### About this exercise
Retype exactly what appears below from the line containing "SponsoredTuy nhiên, dữ" down to the line containing "白色本田XRV司机一侧得有一", keeping both end lines. Do not include pictures.

### Supplied records
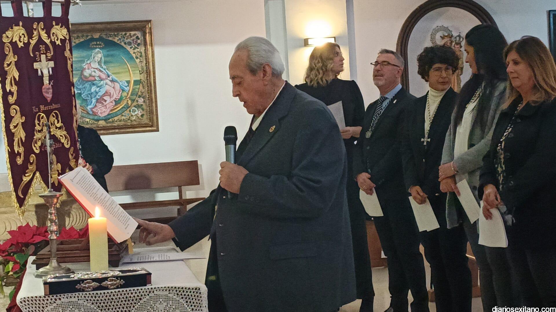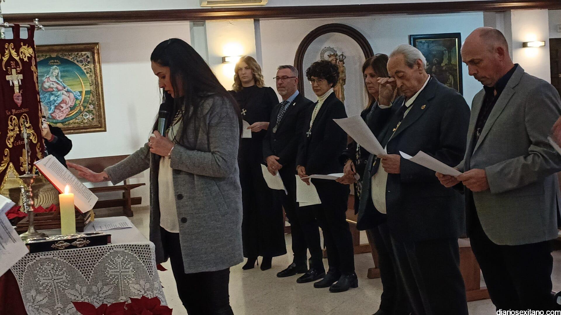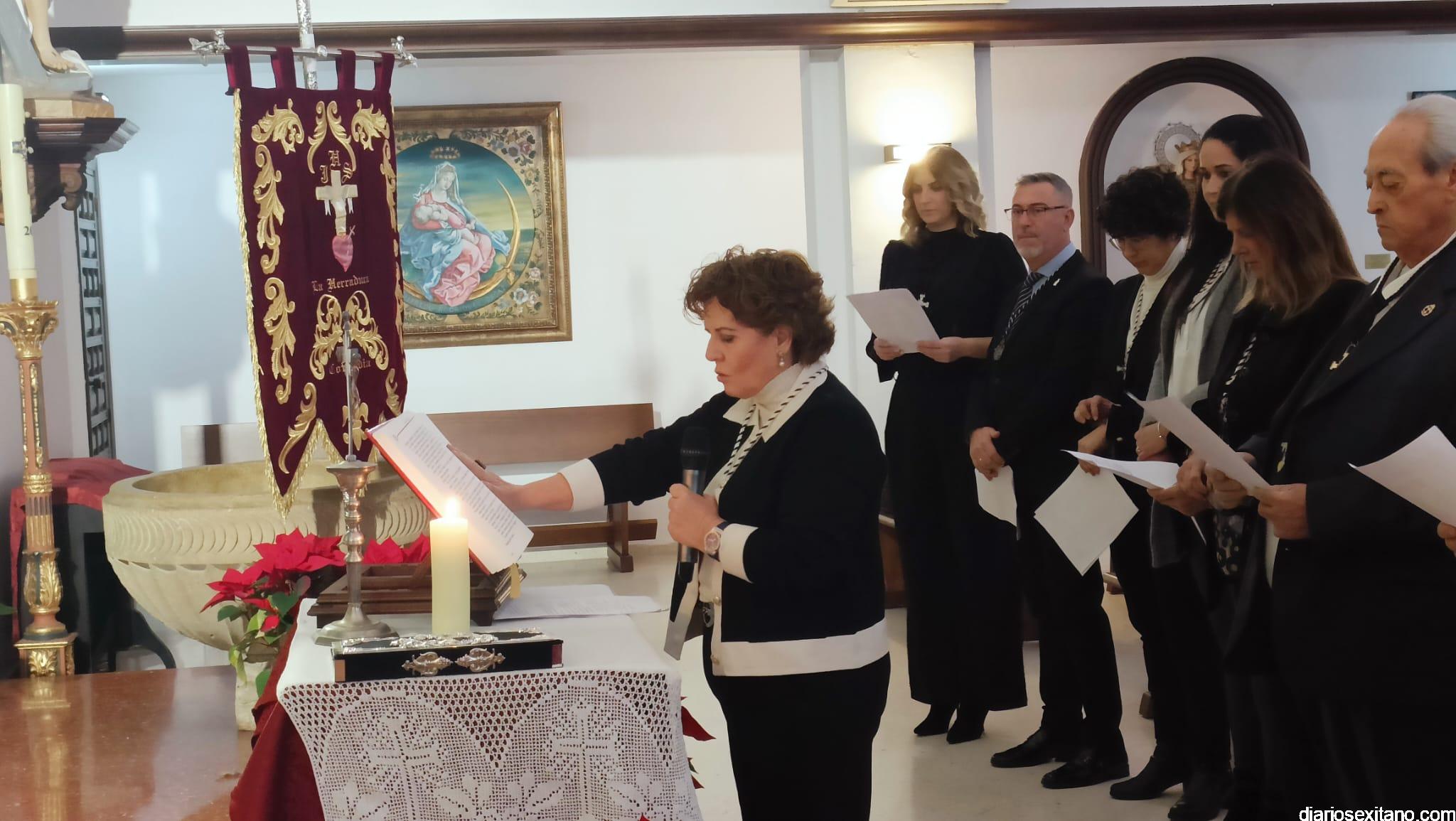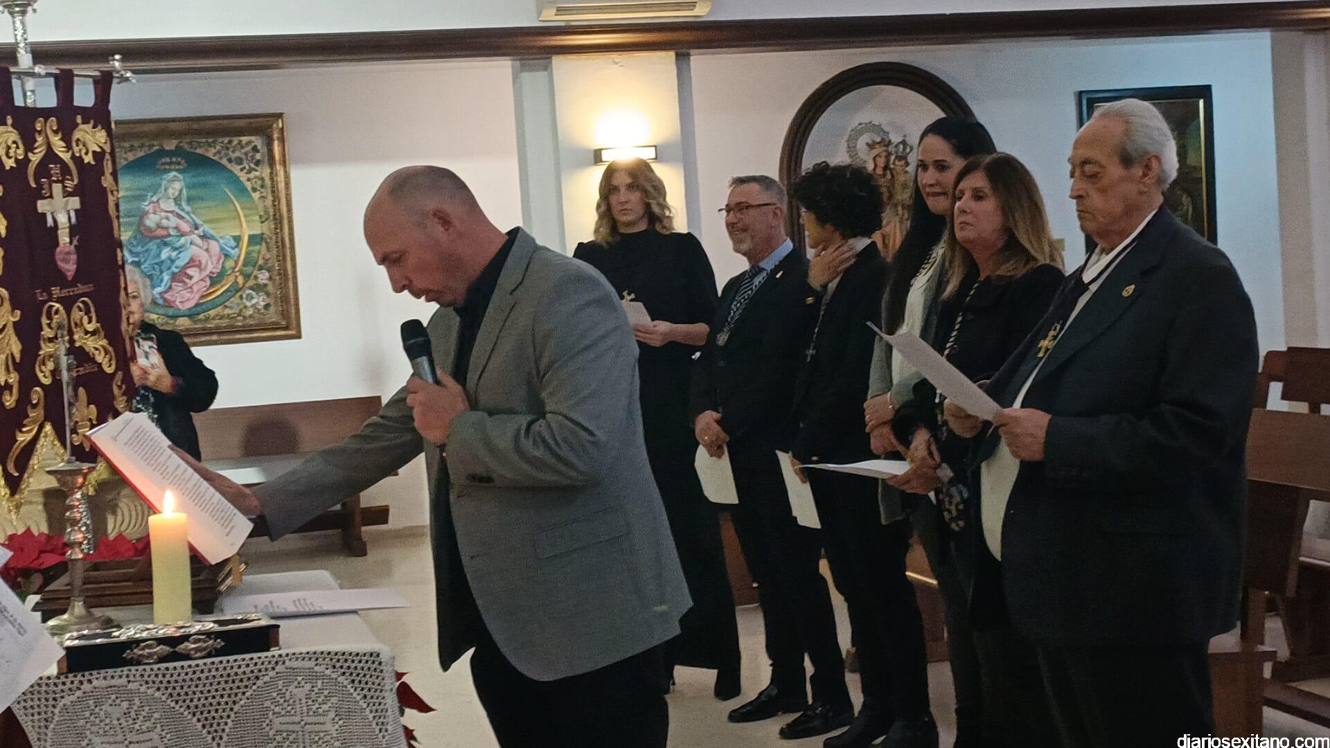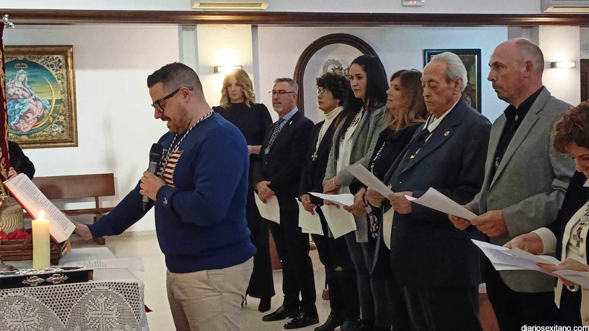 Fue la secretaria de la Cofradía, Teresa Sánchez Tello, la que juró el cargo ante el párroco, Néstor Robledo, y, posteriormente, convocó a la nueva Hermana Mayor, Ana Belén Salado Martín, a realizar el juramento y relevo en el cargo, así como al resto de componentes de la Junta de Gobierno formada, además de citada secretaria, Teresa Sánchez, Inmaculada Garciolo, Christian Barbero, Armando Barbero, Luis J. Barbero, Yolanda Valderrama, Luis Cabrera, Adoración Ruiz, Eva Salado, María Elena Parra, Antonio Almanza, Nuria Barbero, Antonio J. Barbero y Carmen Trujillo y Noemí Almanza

==

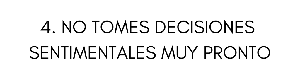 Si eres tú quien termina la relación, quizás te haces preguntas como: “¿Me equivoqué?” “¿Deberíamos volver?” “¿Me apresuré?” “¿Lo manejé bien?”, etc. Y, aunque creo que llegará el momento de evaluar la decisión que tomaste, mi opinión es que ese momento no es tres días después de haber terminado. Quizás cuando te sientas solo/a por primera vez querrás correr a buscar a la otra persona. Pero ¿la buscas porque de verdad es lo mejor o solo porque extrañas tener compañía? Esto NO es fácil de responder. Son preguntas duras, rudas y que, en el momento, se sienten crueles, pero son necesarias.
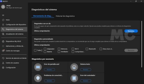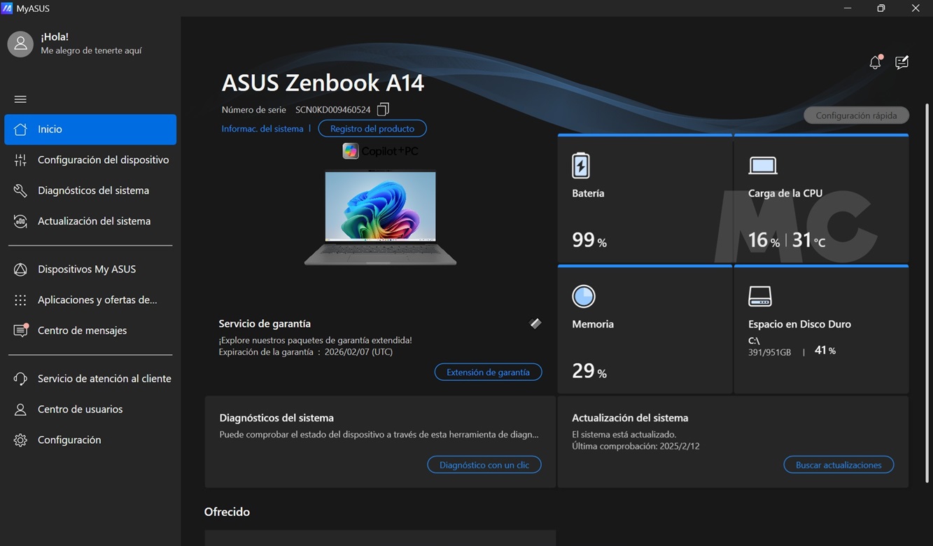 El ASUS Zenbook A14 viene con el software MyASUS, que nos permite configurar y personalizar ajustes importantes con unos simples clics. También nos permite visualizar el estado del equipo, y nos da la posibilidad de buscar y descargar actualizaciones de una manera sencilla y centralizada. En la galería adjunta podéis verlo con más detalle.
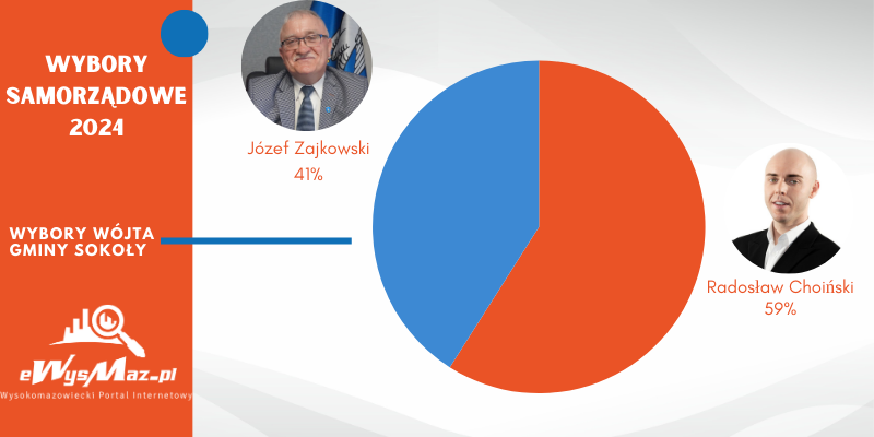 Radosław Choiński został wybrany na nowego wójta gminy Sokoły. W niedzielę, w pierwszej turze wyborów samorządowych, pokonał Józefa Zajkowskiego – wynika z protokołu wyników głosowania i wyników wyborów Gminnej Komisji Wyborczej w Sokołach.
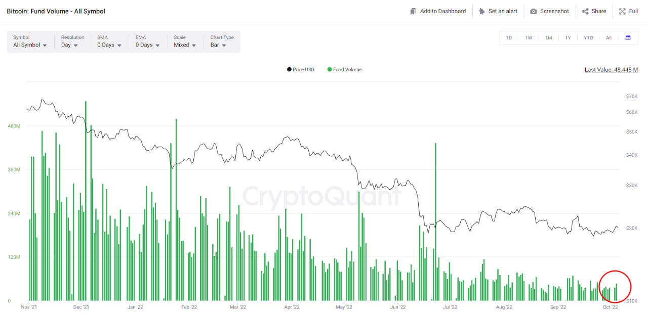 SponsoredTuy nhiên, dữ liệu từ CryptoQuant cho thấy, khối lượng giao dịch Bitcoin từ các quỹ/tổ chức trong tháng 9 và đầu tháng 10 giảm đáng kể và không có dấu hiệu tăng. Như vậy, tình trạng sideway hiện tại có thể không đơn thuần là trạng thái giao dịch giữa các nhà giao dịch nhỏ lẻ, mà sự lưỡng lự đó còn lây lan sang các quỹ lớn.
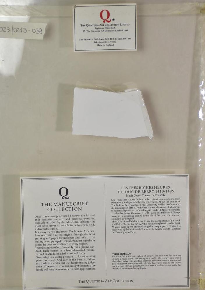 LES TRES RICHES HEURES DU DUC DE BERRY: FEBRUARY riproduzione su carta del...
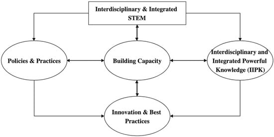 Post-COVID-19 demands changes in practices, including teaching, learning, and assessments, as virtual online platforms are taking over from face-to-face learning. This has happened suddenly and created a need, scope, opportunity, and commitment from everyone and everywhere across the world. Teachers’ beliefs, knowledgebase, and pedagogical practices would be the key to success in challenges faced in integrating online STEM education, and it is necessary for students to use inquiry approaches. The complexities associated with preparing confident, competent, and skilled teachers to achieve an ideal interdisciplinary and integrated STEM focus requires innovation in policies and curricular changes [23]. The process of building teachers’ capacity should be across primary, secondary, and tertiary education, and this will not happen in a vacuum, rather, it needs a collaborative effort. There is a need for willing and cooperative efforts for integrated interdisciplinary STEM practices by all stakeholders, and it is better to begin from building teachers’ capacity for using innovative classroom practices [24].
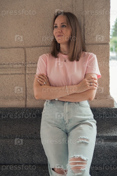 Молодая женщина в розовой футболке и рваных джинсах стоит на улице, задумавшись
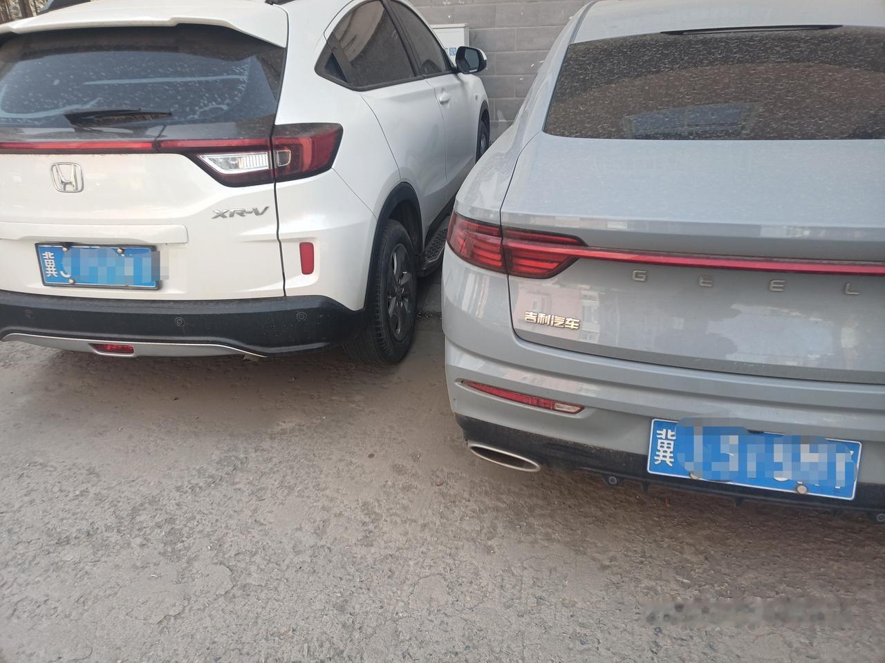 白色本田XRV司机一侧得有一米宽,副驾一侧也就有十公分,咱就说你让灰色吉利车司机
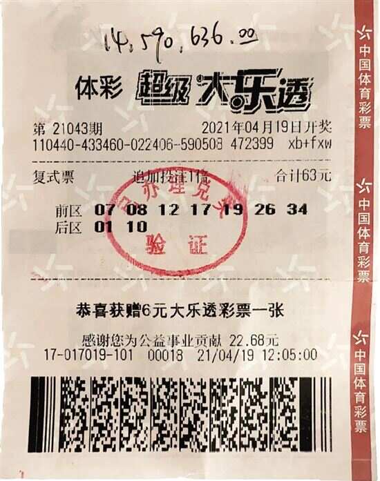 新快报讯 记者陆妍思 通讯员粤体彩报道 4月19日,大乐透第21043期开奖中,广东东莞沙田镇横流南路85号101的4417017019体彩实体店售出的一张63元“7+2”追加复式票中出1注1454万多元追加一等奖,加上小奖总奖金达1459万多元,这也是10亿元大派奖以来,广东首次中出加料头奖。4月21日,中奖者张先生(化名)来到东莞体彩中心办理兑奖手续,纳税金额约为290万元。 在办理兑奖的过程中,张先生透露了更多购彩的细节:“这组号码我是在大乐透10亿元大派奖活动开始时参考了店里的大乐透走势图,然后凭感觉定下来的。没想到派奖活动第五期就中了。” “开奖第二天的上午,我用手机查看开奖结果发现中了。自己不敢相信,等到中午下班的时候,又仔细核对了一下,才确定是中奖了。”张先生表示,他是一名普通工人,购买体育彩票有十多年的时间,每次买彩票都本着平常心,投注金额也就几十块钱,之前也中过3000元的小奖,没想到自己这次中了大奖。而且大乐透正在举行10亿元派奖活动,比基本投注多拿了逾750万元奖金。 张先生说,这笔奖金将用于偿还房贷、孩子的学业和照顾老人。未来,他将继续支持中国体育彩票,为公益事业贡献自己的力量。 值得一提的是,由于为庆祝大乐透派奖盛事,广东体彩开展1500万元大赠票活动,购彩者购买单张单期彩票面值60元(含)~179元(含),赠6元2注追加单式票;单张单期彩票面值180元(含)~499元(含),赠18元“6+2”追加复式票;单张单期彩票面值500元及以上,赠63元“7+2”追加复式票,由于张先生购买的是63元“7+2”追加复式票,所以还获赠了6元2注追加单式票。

...

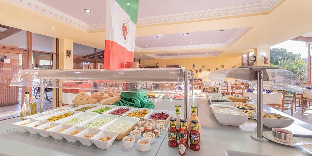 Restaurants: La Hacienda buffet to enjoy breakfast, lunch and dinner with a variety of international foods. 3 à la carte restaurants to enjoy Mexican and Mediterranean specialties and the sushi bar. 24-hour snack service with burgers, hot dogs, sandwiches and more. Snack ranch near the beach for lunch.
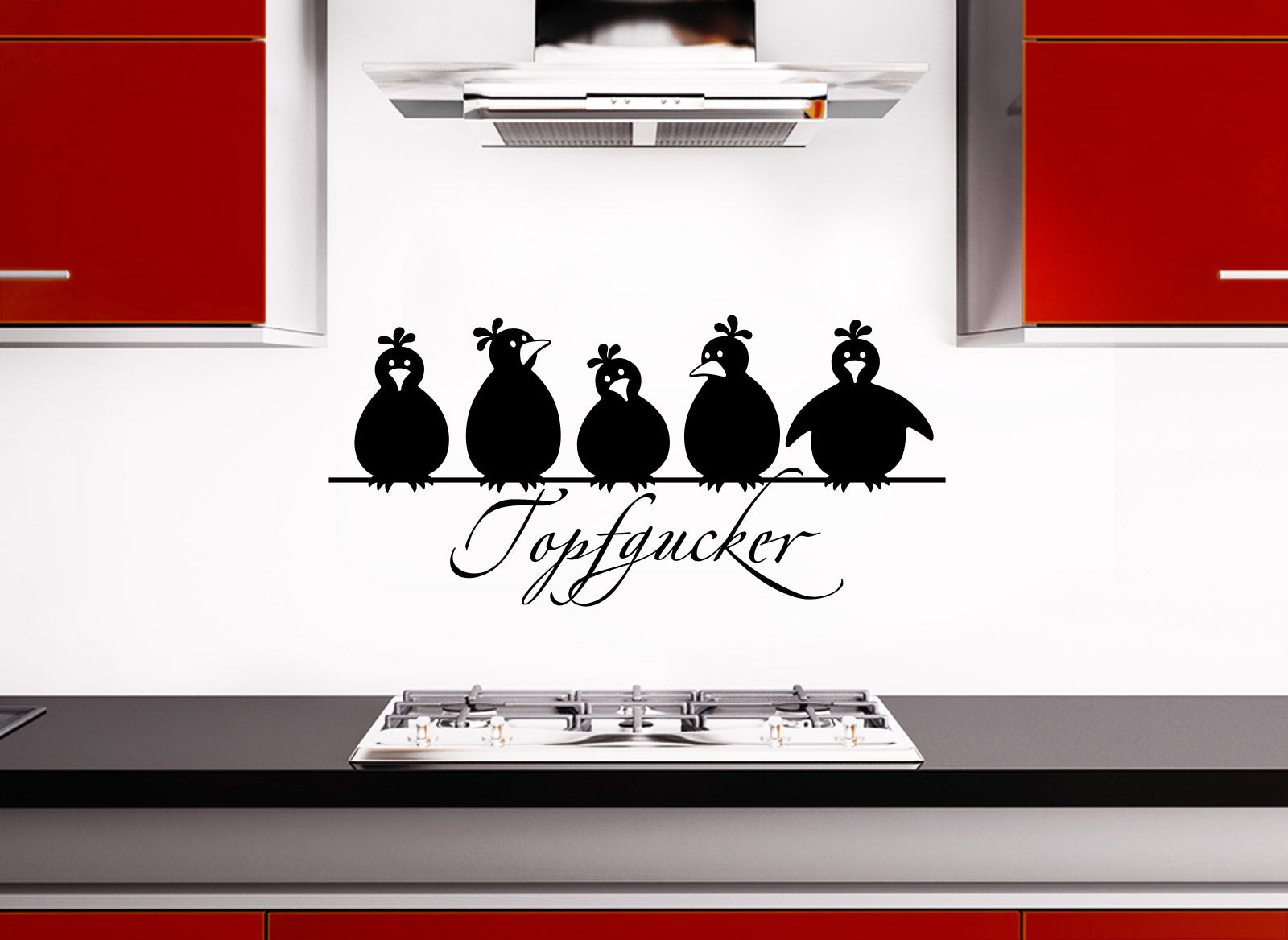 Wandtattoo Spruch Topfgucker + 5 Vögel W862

### Response to the exercise
 SponsoredTuy nhiên, dữ liệu từ CryptoQuant cho thấy, khối lượng giao dịch Bitcoin từ các quỹ/tổ chức trong tháng 9 và đầu tháng 10 giảm đáng kể và không có dấu hiệu tăng. Như vậy, tình trạng sideway hiện tại có thể không đơn thuần là trạng thái giao dịch giữa các nhà giao dịch nhỏ lẻ, mà sự lưỡng lự đó còn lây lan sang các quỹ lớn.
 LES TRES RICHES HEURES DU DUC DE BERRY: FEBRUARY riproduzione su carta del...
 Post-COVID-19 demands changes in practices, including teaching, learning, and assessments, as virtual online platforms are taking over from face-to-face learning. This has happened suddenly and created a need, scope, opportunity, and commitment from everyone and everywhere across the world. Teachers’ beliefs, knowledgebase, and pedagogical practices would be the key to success in challenges faced in integrating online STEM education, and it is necessary for students to use inquiry approaches. The complexities associated with preparing confident, competent, and skilled teachers to achieve an ideal interdisciplinary and integrated STEM focus requires innovation in policies and curricular changes [23]. The process of building teachers’ capacity should be across primary, secondary, and tertiary education, and this will not happen in a vacuum, rather, it needs a collaborative effort. There is a need for willing and cooperative efforts for integrated interdisciplinary STEM practices by all stakeholders, and it is better to begin from building teachers’ capacity for using innovative classroom practices [24].
 Молодая женщина в розовой футболке и рваных джинсах стоит на улице, задумавшись
 白色本田XRV司机一侧得有一米宽,副驾一侧也就有十公分,咱就说你让灰色吉利车司机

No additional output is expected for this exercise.